For Crees things are different. I have a Streamlight Tasklight 3AA that WAS an off center ugly tinted LUXIII. It now has a Cree. It has a reflector that has light orange peel down near the led smoothing out as it gets close to the lense. It does NOT have a very nice beam!

I have a Cree'd Madmax in a 2AA M*g that has a pretty decent beam using the deep smooth reflector and head from a dead M*gled.

And I have two DX Cree modules that have MOP reflectors designed for the Cree and have damn nice beams!

And I say yet again... if you can't get a LOP or MOP or ??? for your incandescent light try frosting the bulb. My M*gcharger has a WA01160 bulb with light frost CNTERED in the reflector. It has what I consider to be a marvelous beam!

And I have a slightly more frosted WA01274 in another light CENTERED and is has a nice beam. I MUCH prefer the overdriven M*gcharger bulb in the MOP however!


----------



## peterharvey73 (Apr 28, 2011)

Hi Selfbuilt, you prefer smooth reflectors.
Can I ask you relatively how much "loss in throw" does the OP orange peel reflector cause? Esp say in a Jetbeam RRT-2?
Or what is the relative difference in throw between smooth and orange peel reflectors?
Eg if OP reflectors only lose 10% throw, I wouldn't be too concerned.
However, if OP reflectors lose 30% throw - I would start to get a little worried!
Do you have any data on exactly how much throw it loses???
Many thanks...


----------



## jellydonut (Apr 28, 2011)

OP is good for getting a 'smooth' beam. Smooth means unfocused, diffused.

In the beginning, I too was of the opinion that OP was good and smooth was bad, merely because Surefires had OP and Maglites had smooth.

What I have since realized is this;

A smooth reflector focuses the light source better. (obvious)
You can always diffuse or defocus a focused light source, using a filter, if you really want to.
You can NEVER focus a light with an OP reflector. It is what it is.

If you have a light with a smooth reflector, you have the most throw possible from that size of light, and you can always diffuse it if you really want to. In other words, you have both a spotlight and a floodlight.

If you have an OP light, the beam is 'prettier', but you have less versatility.

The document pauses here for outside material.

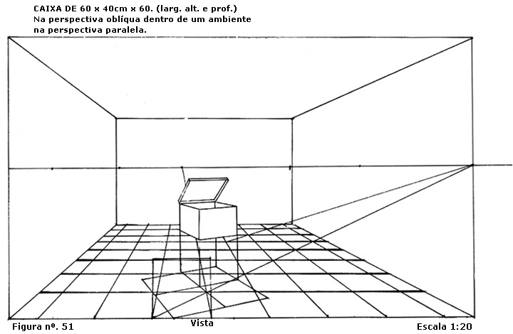 CONSTRUÇÃO DE UMA CAIXA COM TAMPA LEVANTADA, NA PERSPECTIVA OBLÍQUA.

This is my opinion, it's what I've decided on after almost a year here and about two dozen lights.  Now, my EDC has a smooth reflector and an XM-L. Sure, the beam isn't 'perfect', whatever that means. But it's much more useful than a 'perfect' 'smooth' beam, in my opinion.


----------



## z17813 (Apr 28, 2011)

My preferred reflector is one with very light orange peel, tends to be the compromise that I'm happiest to live with. It's always nice to have to option between reflectors though I understand it's not always feasible to accommodate every possible option that consumers may want.


----------



## rudy16 (Apr 28, 2011)

So how will the beam pattern compare in width at say 10-15 ft with an OP vs Smooth? Outdoors if it matters


----------



## AEHaas (May 1, 2011)

If your working distance is less than 20 feet an OP reflector is the only way to go, inside or out.

If you need a spotlight for long distances, buy a proper searchlight.

It all depends on the major function you require. You really need both. If you are searching at long distances, then you need a focused and bright light. But it will be a drawback if you try to use it close up where a lower level of diffused light is needed.

I am not sure a pinpoint, bright one or two cell AA light has a useful function.

aehaas


----------